Ian Ozsvald & Giles Weaver - Pandas 2, Dask or Polars? Tackling larger data on a single machine

Explore the best libraries for tackling large datasets on a single machine, including Pandas, Dask, Polars, and Arrow. Discover the trade-offs and considerations for each option and learn how to optimize performance.

Key takeaways
  • Consider using Dask for larger datasets, as it provides distributed computation and better performance.
  • Pandas is still the best choice for smaller datasets, but Dask is a good alternative for larger datasets.
  • Polars is a new project that aims to improve performance and memory efficiency, and is worth considering for new projects.

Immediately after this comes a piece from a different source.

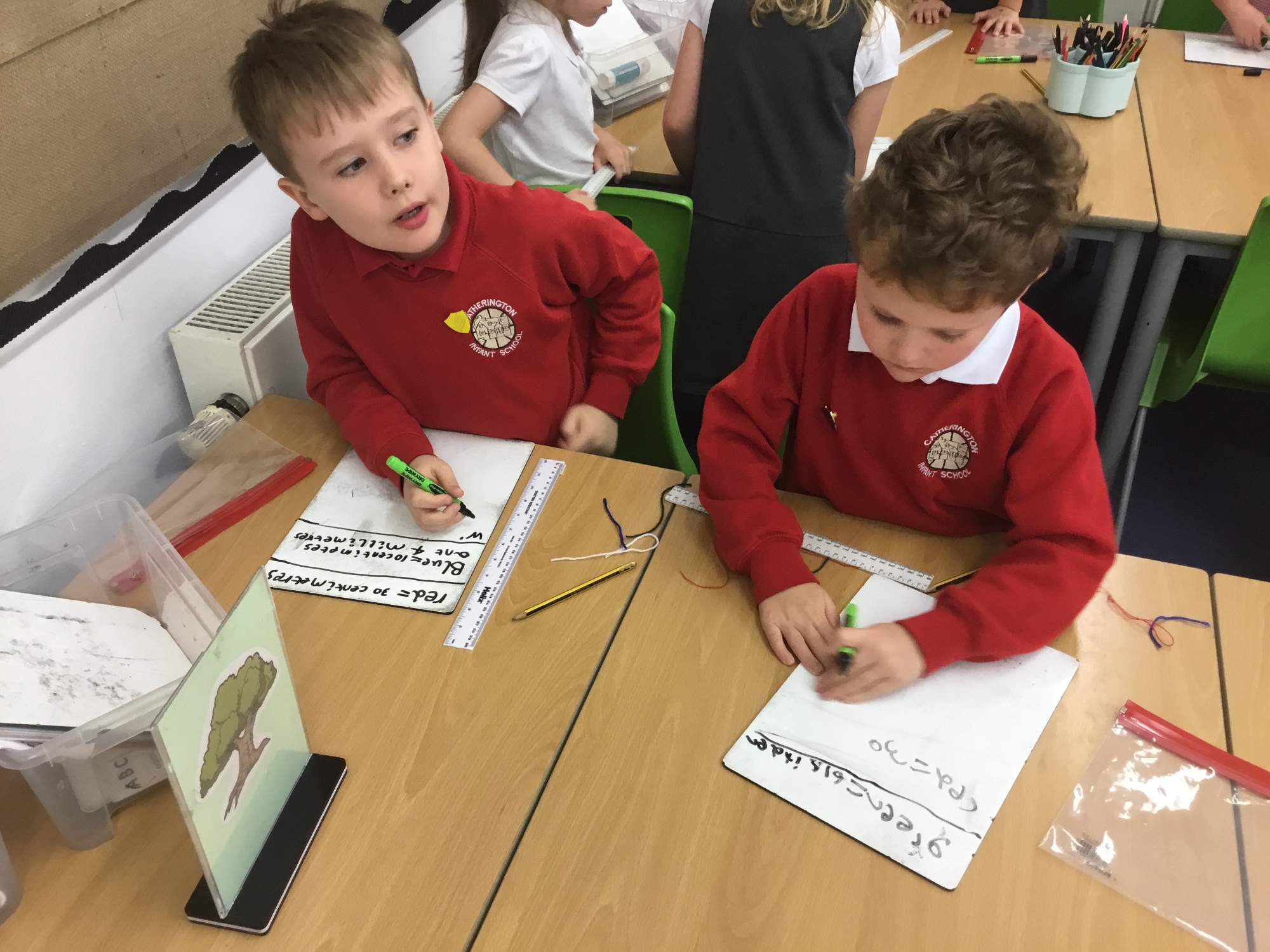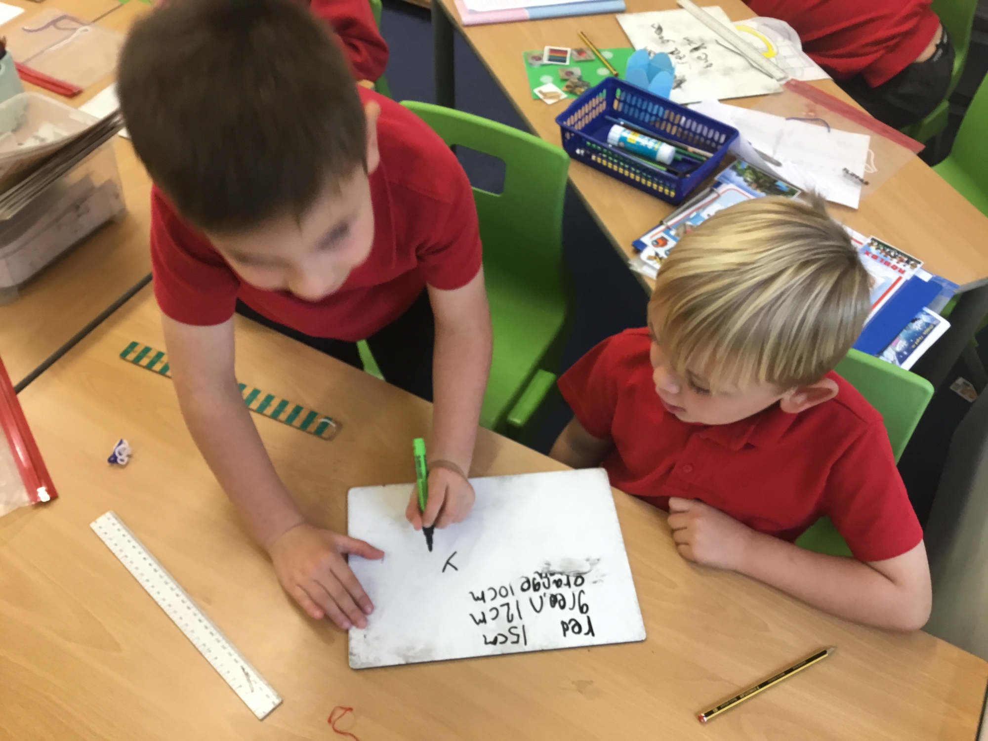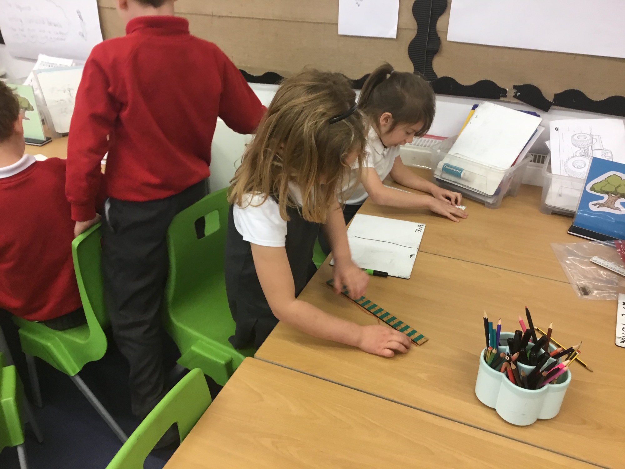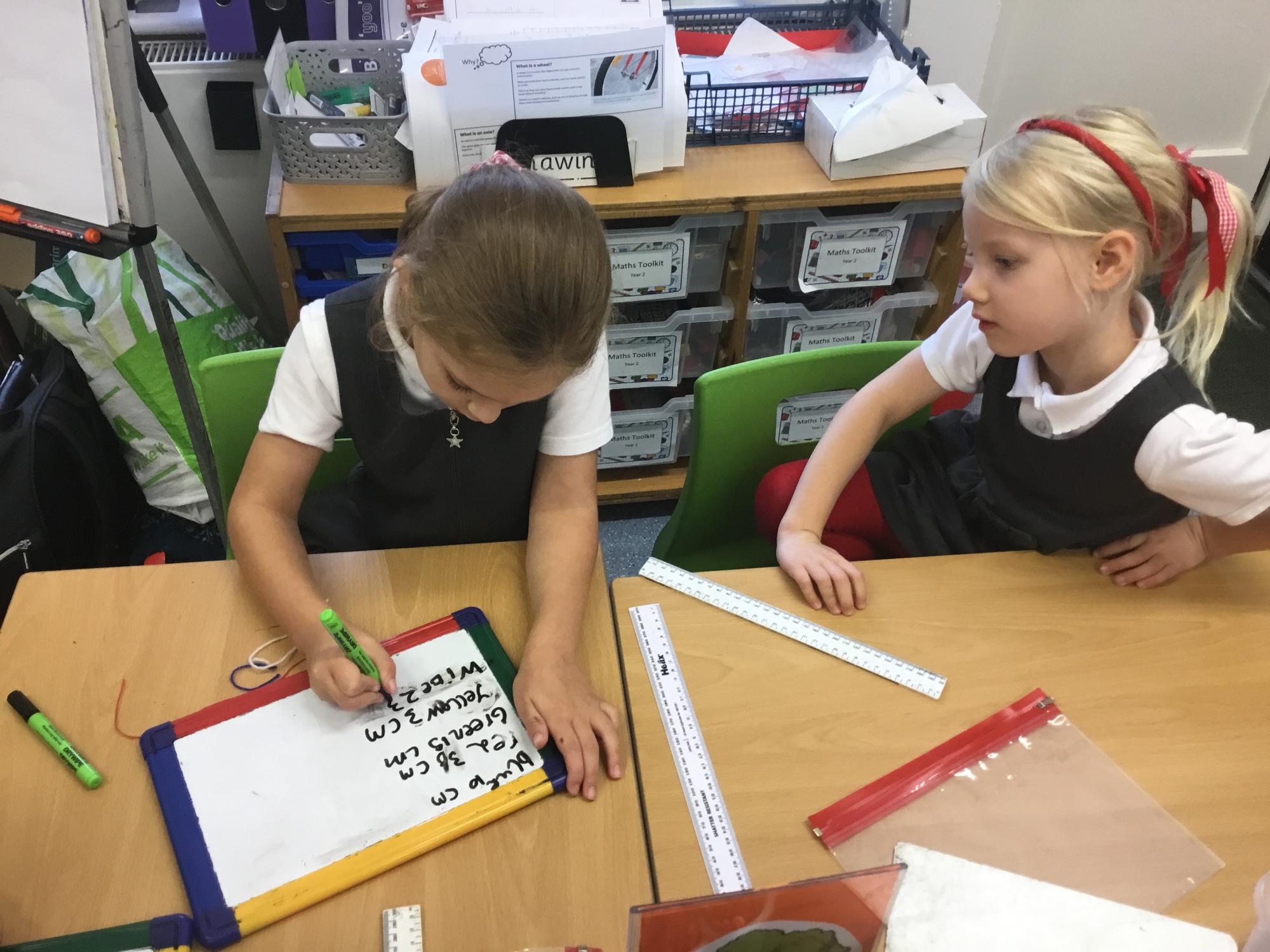This week the children developed their knowledge of measurement by helping Miss White set up her wool shop "Wooly Whites". The children had to use their knowledge of greater than and less than symbols to order the different lengths of wool before using rulers and the metric unit of centimetres to measure each length of wool accurately.

  • Arrow is a memory-efficient binary columnar storage format that can be used with Pandas, Dask, and Polars.
  • Copy-on-write optimization in pandas can improve performance, but is not enabled by default.
  • Dask expressions can be used to simplify and optimize code, but require a different mindset.
  • Duck DB is a new project that is worth monitoring, as it provides a similar API to Pandas.
  • Scikit-learn does not support Polars, and existing code may need to be modified.
  • Arrow and Polars are designed for use with large datasets, but may not be suitable for smaller datasets.
  • Pandas is still the best choice for most use cases, but Dask and Polars are worth considering for larger datasets or for specific use cases.
  • Polars and Dask are designed for scalability, but may not be suitable for very small datasets.
  • Arrow is a memory-efficient format that can be used with Pandas, Dask, and Polars.
  • Copy-on-write optimization can be used to improve performance, but is not enabled by default.